60menit.co.id | Direktur Eksekutif Perkumpulan WASINDO. (Foto : zho) |
60MENIT.co.id, Jakarta | Masalah yang menimpa masyarakat terdampak aktivitas tambang di desa Mosiko dan desa Lelewawo, Kecamatan Batu Putih, Kabupaten Kolaka Utara (Kolut), seperti dirilis sebuah media online lokal di Sultra, baru-baru ini, mengundang reaksi Direktur Eksekutif Perkumpulan WASINDO (Pengawas Independen Indonesia), Drs. Tommy Tiranda.
Pimpinan pusat WASINDO ini meminta pihak KemenLHK (Kementerian Lingkungan Hidup dan Kehutanan) agar turun tangan dan tidak membiarkan warga masyarakat lokal di Batu Putih itu terus menerus terdampak akibat lahan mereka tidak lagi dapat digunakan sesuai fungsinya. "Harus ada tindakan segera dari KemenLHK, tidak bisa berlarut-larut. Kalau perlu turunkan tim Gakkum KLHK Sulawesi," tegas Tommy.

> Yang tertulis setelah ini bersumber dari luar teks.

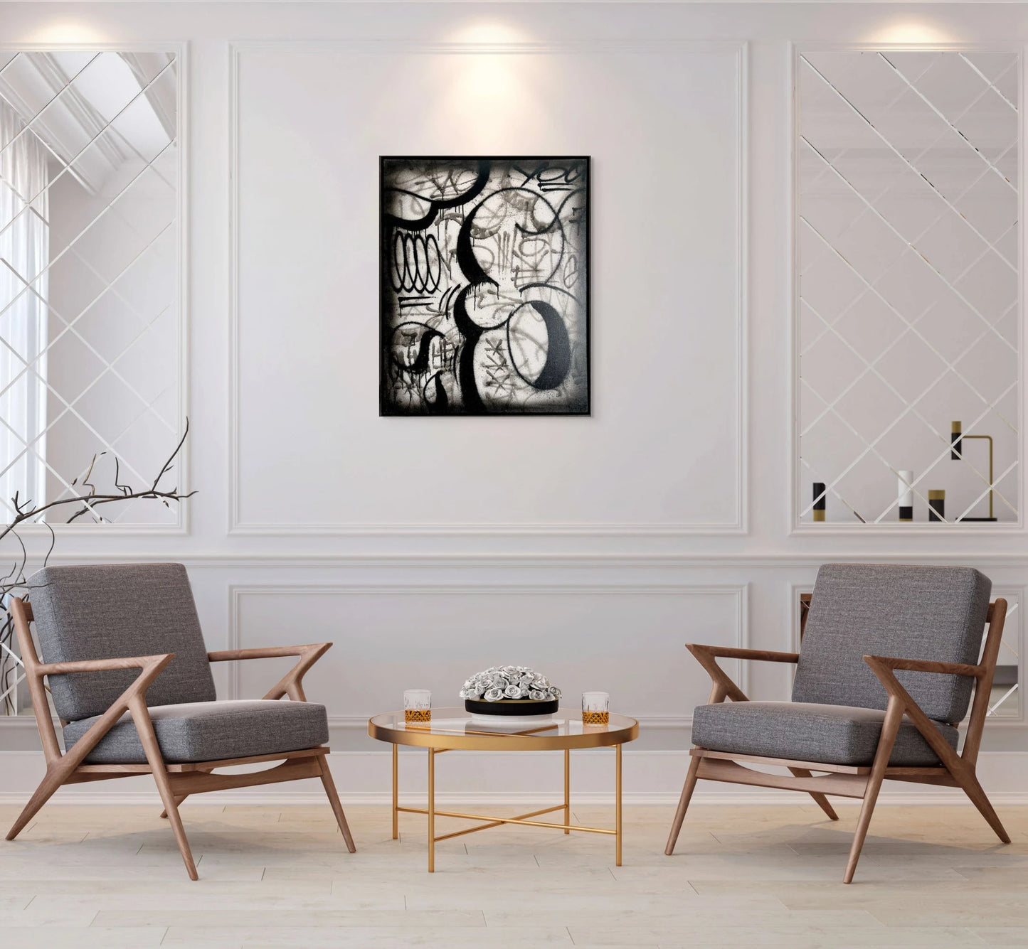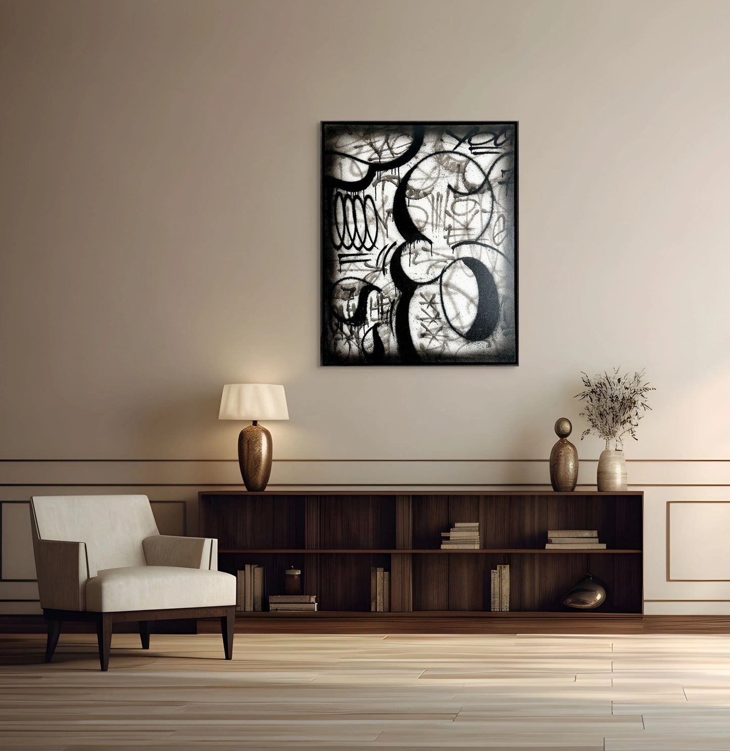 The balance between the dense lines and open spaces creates a dynamic tension, pulling the viewer’s gaze across every inch of the canvas. This piece captures the spirit of rebellion and free expression, inviting the audience to find meaning in the seemingly chaotic presentation. Its unique blend of fluidity and structure sets it apart as a striking representation of modern abstract art.
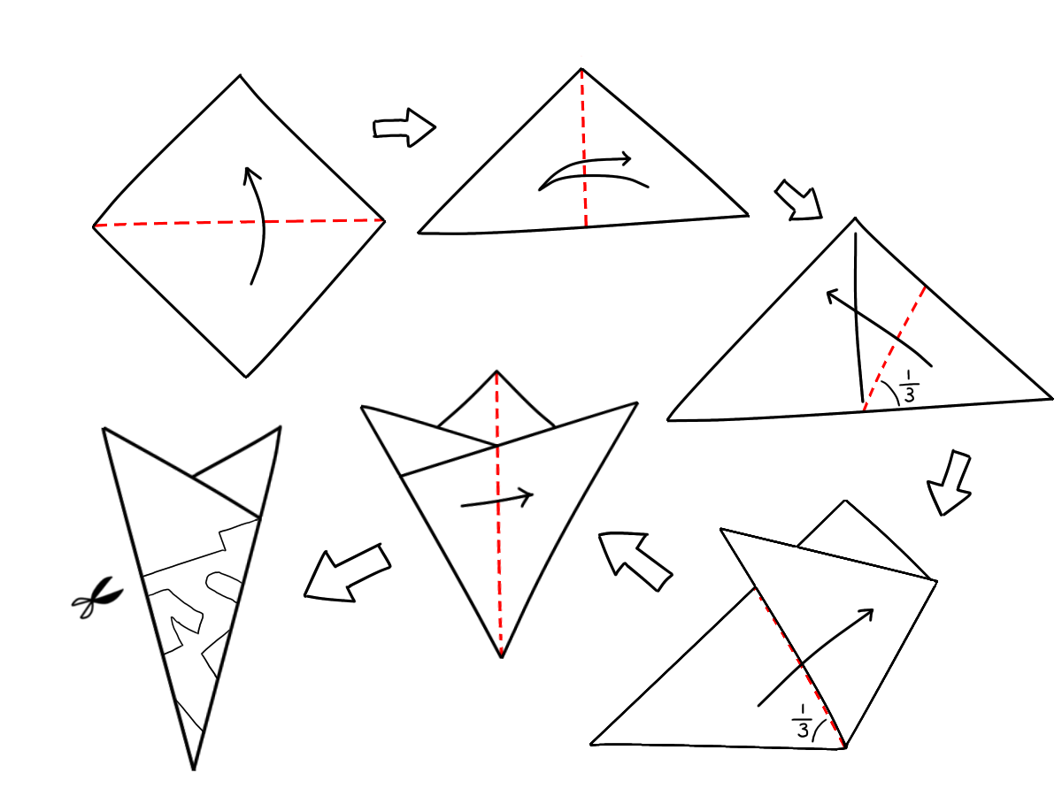 図のようにおりがみを12等分して、好きな形に切るだけ!
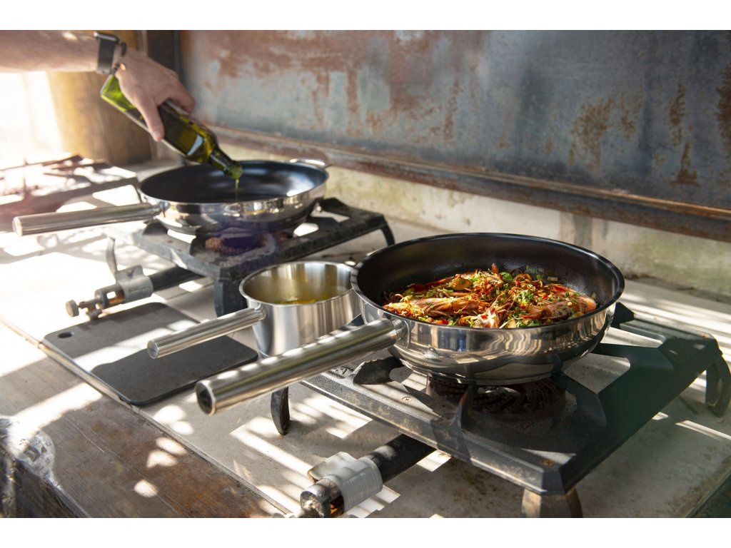 Kromě své estetické stránky také disponuje robustní odolností díky 4,5 mm oceli (dno je tlusté 6 mm). Pozor, poklice není zahrnuta v balení, avšak můžete využít poklici z hrnce o průměru 16 cm.
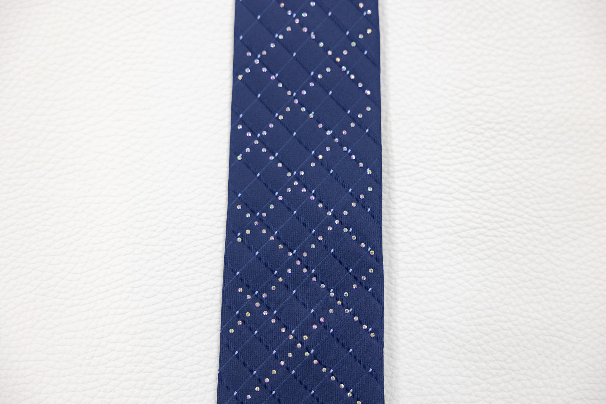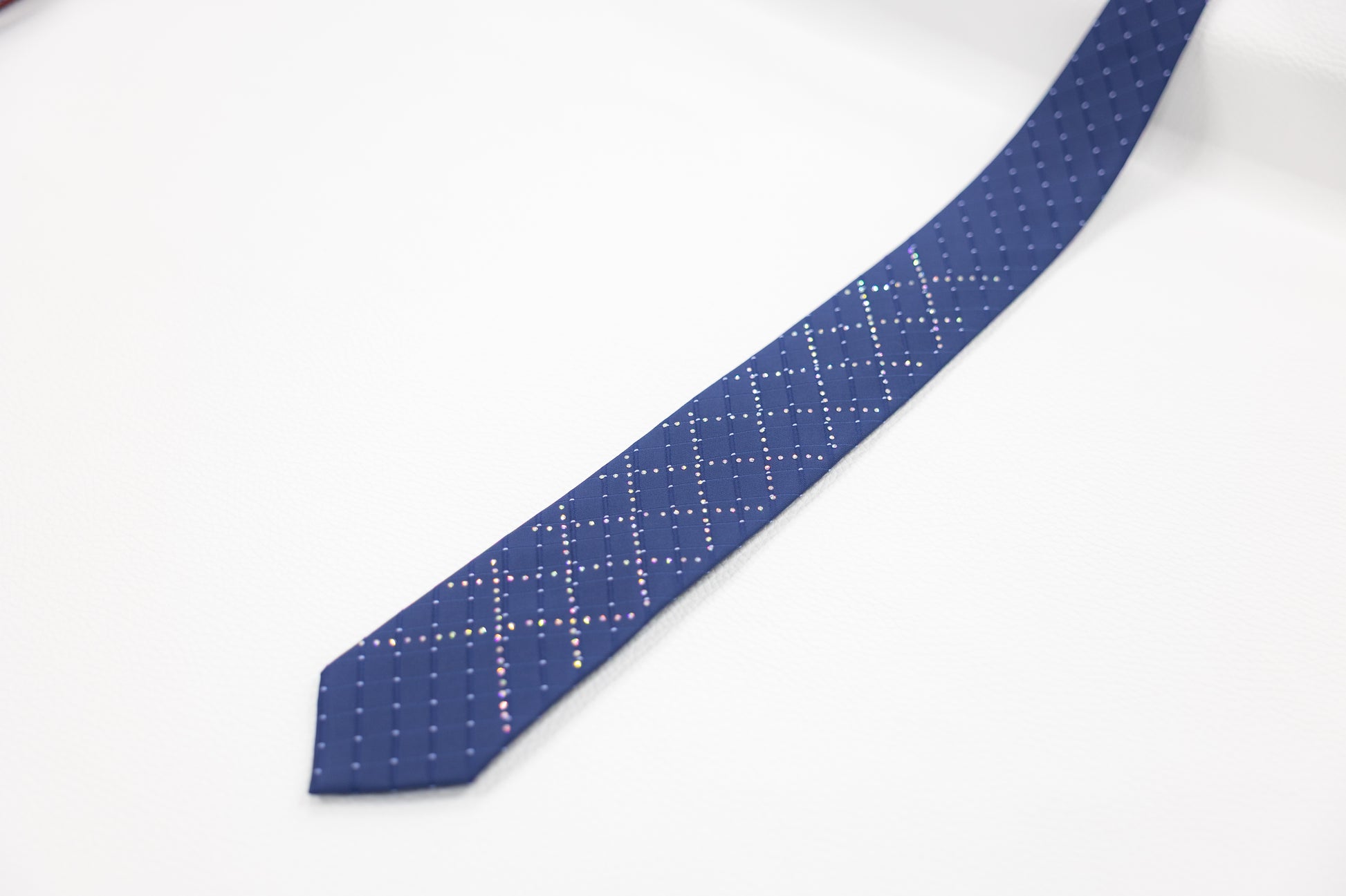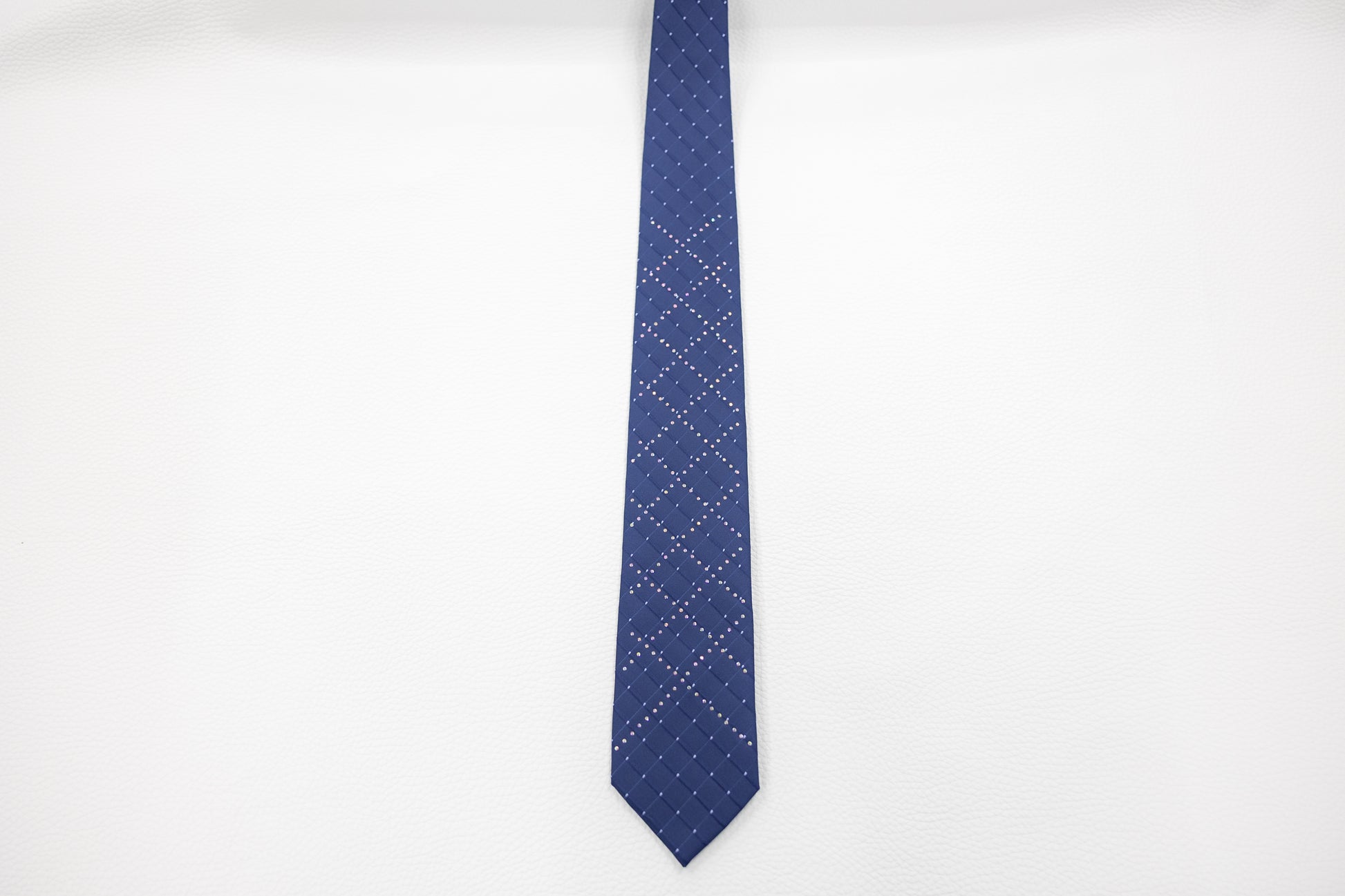 Navy Blue Silk Tie with Diamond Grid & Subtle Sparkle
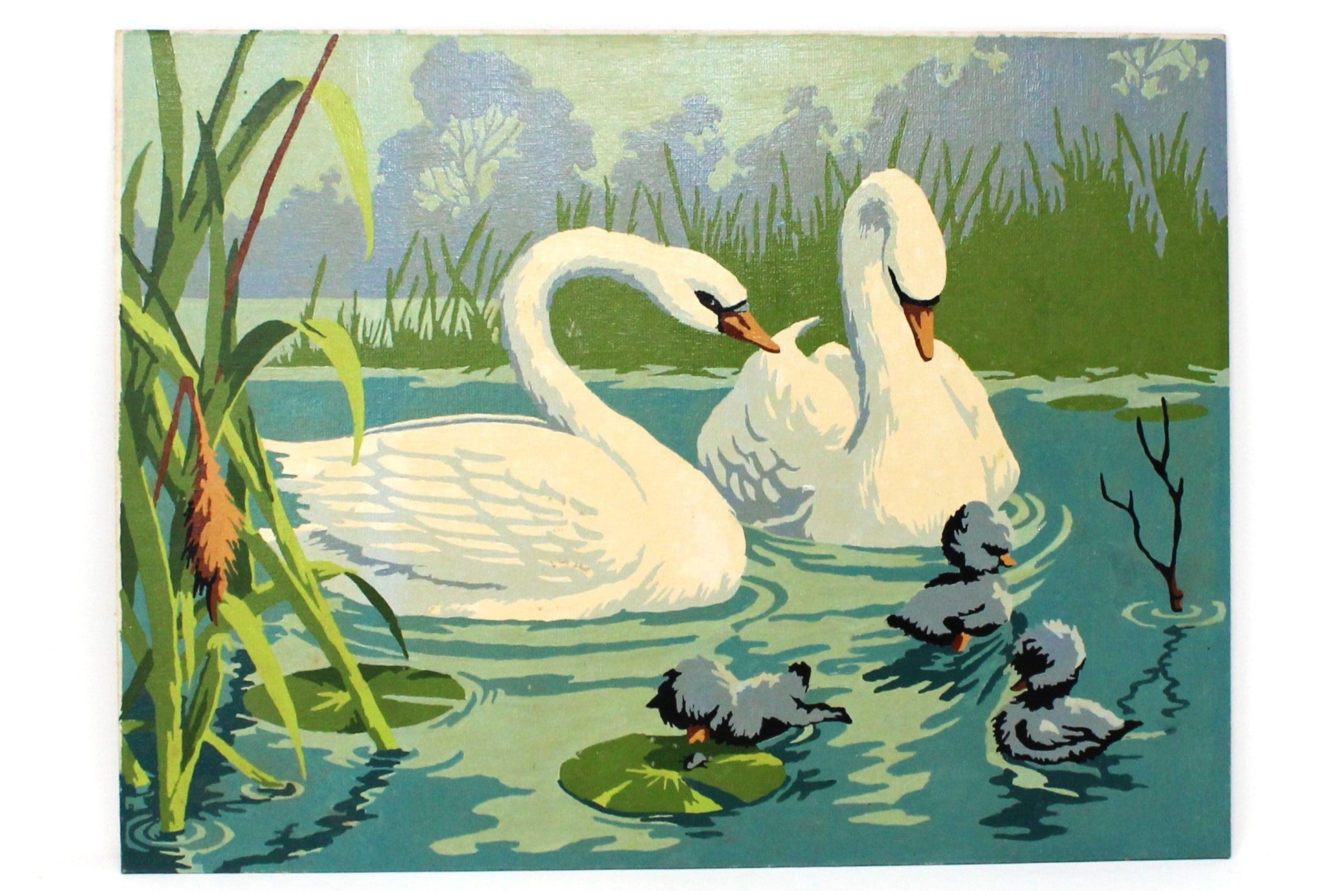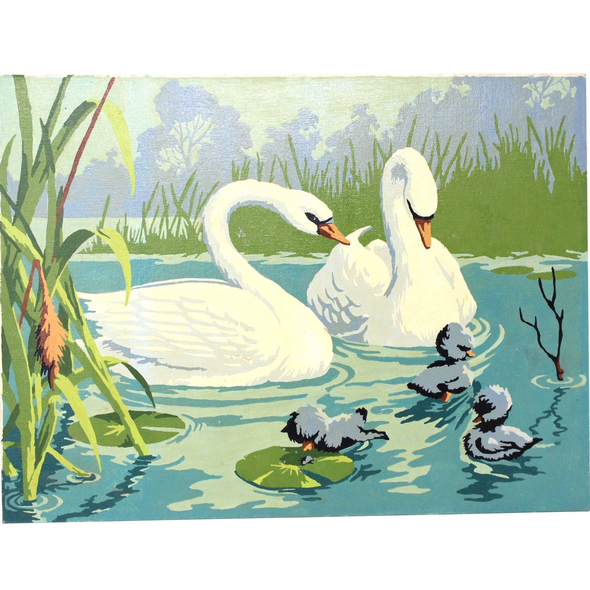 - Vintage Art, Large Size Paint By Number, Swan Lagoon, Swan Family, Swans and Cygnets, from Craft Master, Birds, Water Birds, Wall Decor, Unframed Board, Vintage Collectibles, Completed (Discontinued)
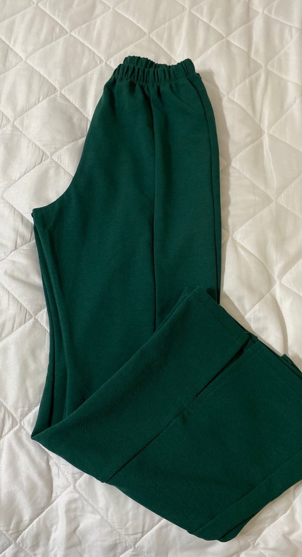 Koyu yeşil kadın kumaş pantolon, normal kesim ve midi boy. Yumuşak sentetik kumaştan üretilmiş, gündelik kullanım için rahat ve şık.
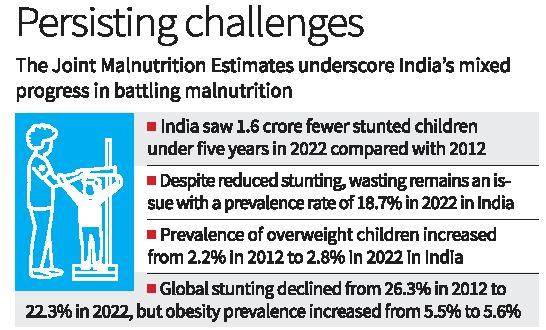 - Reduction in Stunting: Corresponding with global and regional trends, India continues to show a reduction in stunting and recorded 1.6 crore fewer stunted children under five years in 2022 than in 2012.
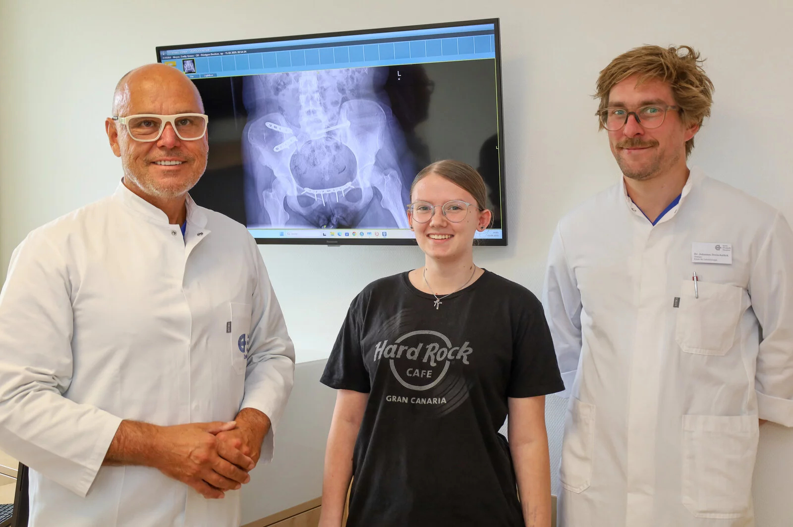 „Emily Meyer lag 30 Minuten später bereits im OP.“ Gemeinsam mit Oberarzt Johannes Dreischalück versorgt Mann in einer mehr als zweistündigen Notoperation die massiven Verletzungen der jungen Patientin. Dazu werden vorerst mehrere Fixateure gesetzt. „Die Schwere der Verletzungen erforderten einige weitere geplante Operationen in den nächsten Wochen“, beschreibt Dreischalück den weiteren Verlauf.

Dihubungi via telepon genggam, Jumat (22/7) siang, pria yang juga jurnalis senior investigator ini, bahkan meminta semua aktivitas tambang yang bermasalah dengan IUP alias ilegal di Sultra, agar diinspeksi dan ditindaki. "Turunkan inspektur tambang (IT). Seperti di Batu Putih Kolut saya heran kok ribut soal lahan warga terdampak. Berarti pengelolaan lingkungan hidupnya tidak beres," terang Tommy dari Palu Sulteng.
Dengan adanya masalah tersebut, ia jadi sangsi dengan izin lingkungan perusahaan tersebut. "Karena syarat untuk dapat IUP itu kan salah satunya punya izin lingkungan, bukan ujug-ujug. Kemudian sosialisasi kepada masyarakat. Lalu sekarang masyarakat ribut karena terdampak. Ini menimbulkan pertanyaan soal legalitas perusahaan punya IUP atau tidak," bebernya.
Jika ada indikasi penyimpangan atas lingkungan dan legalitas soal IUP, Tommy meminta aparat berwenang tanggap dan menindak tegas dengan memproses. Diketahui, informasi mengenai laporan masyarakat terdampak di Batu Putih Kolut ini muncul setelah pengurus Lembaga Adat Tolaki (LAT) dan Dewan Adat Patowonua (DAP) turun langsung melakukan investigasi berdasarkan pengaduan.
Sekretaris LAT Kolut, Abu Bakri, yang langsung memimpin investigasi di Mosiku dan Lelewawo, Batu Putih.
“Kami turun ini atas adanya aduan dan surat masyarakat dari desa Lelewawo dan Mosiku ke lembaga adat tolaki (LAT) Kolaka Utara, kami diminta masyarakat untuk menangani permasalahan yang mereka alami. Permasalahannya adalah adanya lahan mereka yang terkena dampak akibat dari pertambangan yang dilakukan," ucap Bakri.
Aktivitas penambangan itu, menurut Bakri, dilakukan pihak PT Kasmar Tiar Raya (KTR). "Dampaknya ke lahan masyarakat seperti persawahan sekitar 20 hektar. Ada 16 orang warga pemilik," ungkap Bakri, Selasa (19/7). Lahan seluas itu ditanami ribuan pohon sagu dan persawahan. Namun tidak lagi bisa diolah karena tenggelam lumpur dan air berwarna merah.
“Sagu sudah tidak bisa diolah menjadi makanan karena sudah digenangi lumpur serta sudah banyak yang mati. Mirisnya lagi saat kami melihat langsung pohon sagu yang masih kecil dan baru tumbuh sudah pada mati dan ini akan menuju kepunahan ketika ini dibiarkan terus," tutur Bakri menjelaskan.